Black-Litterman模型（Black et al., 1990）試圖通過投資者觀點分配的建構來解決 Markowitz Portfolio模型（Markowitz, 1952）所遇到的問題。然而，建立投資者觀點分配需要對投資資產的未來報酬進行預測，由於我們針對股票進行投資，故可被視為一個股價預測的問題。 在本研究中，我們使用深度學習的方法來預測我們的資產價格，除了以資產的股票價格和交易量作為特徵之外，同時也認為新聞情緒是影響股票走勢的重要因素之一。

首先，我們使用 BERT（Devlin et al., 2018）衡量新聞情緒。將之定義為一個二元分類問題，並透過 BERT 模型進行情感分析訓練來判斷新聞資料帶來消息的好與壞。接著，利用三種不同的深度學習模型，分別為 vanilla RNN（Rumelhart et al., 1985），LSTM（Hochreiter et al., 1997）和 GRU（Cho et al., 2014）對股票價格進行預測，觀察不同模型的預測能力是否會影響 Black-Litterman 模型之表現結果。為了擁有夠多之新聞資料數量訓練BERT 模型，我們以美國標準普爾500指數(S&P 500)
中之七檔成分股作為投資標的，目標在於建構績效良好之投資組合。因此，我們將以四種財務指標衡量基於三種不同深度學習模型建構出之Black-Litterman模型之績效，並以其他三種投資組合作為我們的基準模型。

從本研究實證分析，我們可得到以下之結果：

1. 在三種深度學習模型中，我們以均方誤差 (Mean Square Error) 比較模型預測結果的好壞。GRU 模型 在七項投資股票資產中的表現皆優於其餘兩個模型，更能夠有效捕捉到股票未來之走勢及價格。而 LSTM 模型的表現也比 RNN 模型來得更佳。
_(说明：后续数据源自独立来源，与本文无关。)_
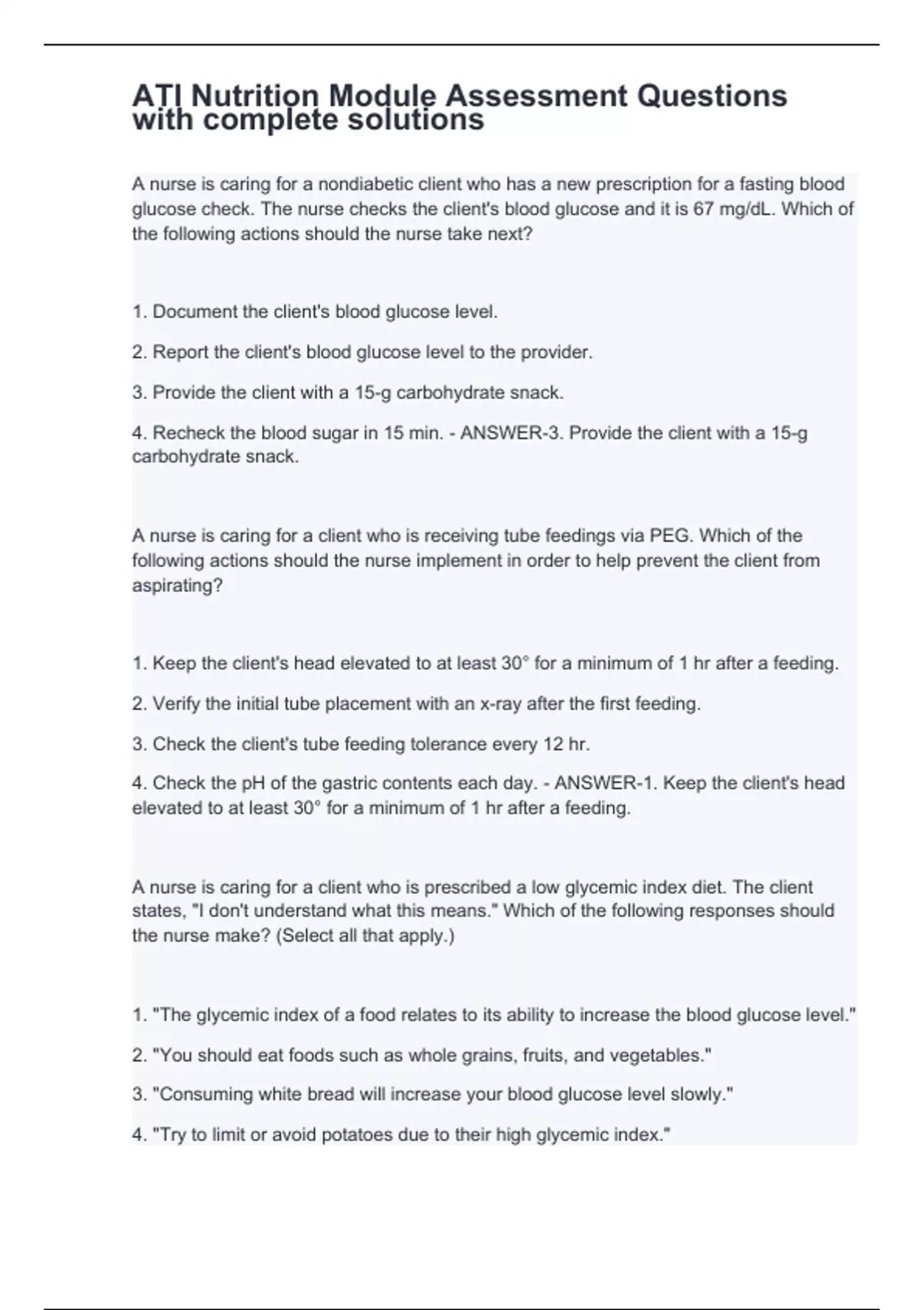 A nurse is caring for a client who is receiving tube feedings via PEG. Which of the following actions should the nurse implement in order to help prevent the client from A nurse is caring for a nondiabetic client who has a new prescription for a fasting blood glucose check. The nurse checks the client's blood glucose and it is 67 mg/dL. Which of the following actions should the nurse take next? 1. Document the client's blood glucose level. 2. Report the client's blood glucose level to the provider. 3. Provide the client with a 15-g carbohydrate snack. 4. Recheck the blood sugar in 15 min. - ANSWER-3. Provide the client with a 15-g carbohydrate snack. aspirating? 1. Keep the client's head elevated to at least 30° for a minimum of 1 hr after a feeding. 2. Verify the initial tube placement with an x-ray after the first feeding. 3. Check the client's tube feeding tolerance every 12 hr. 4. Check the pH of the gastric contents each day. - ANSWER-1. Keep the client's head elevated to at least 30° for a minimum of 1 hr after a feeding. A nurse is caring for a client who is prescribed a low glycemic index diet. The client states, "I don't understand what this means." Which of the following responses should the nurse make? (Select all that apply.) 1. "The glycemic index of a food relates to its ability to increase the blood glucose level." 2. "You should eat foods such as whole grains, fruits, and vegetables." 3. "Consuming white bread will increase your blood glucose level slowly." 4. "Try to limit or avoid potatoes due to their high glycemic index." 5. "Foods with a high glycemic index will cause your blood glucose to increase rapidly." - ANSWER-1. "The glycemic index of a food relates to its ability to increase the blood glucose level."

2. 在投資組合的模型比較中，以 BERT 判斷新聞情緒並以 GRU 模型預測股價所建構出之 Black-Litterman 模型擁有最高的 46.6% 年化報酬率。同時，其擁有最高的 13.0% Sharpe Ratio 與 17.9% 之 Sortino Ratio，代表其在一定風險程度下，仍較其他建構出之投資組合來得更加優異。

The Black-Litterman Model (Black et al., 1990) attempts to solve the problems encountered by the Markowitz Portfolio Model (Markowitz, 1952) through the construction of investor view distribution. However, the construction of an investor's point of view distribution requires future returns on investment assets. In this study, we use deep learning methods to predict our asset prices. In addition to the asset’s stock price and trading volume, we also assume that sentiment from news is one of the important factors that affect the stock trend.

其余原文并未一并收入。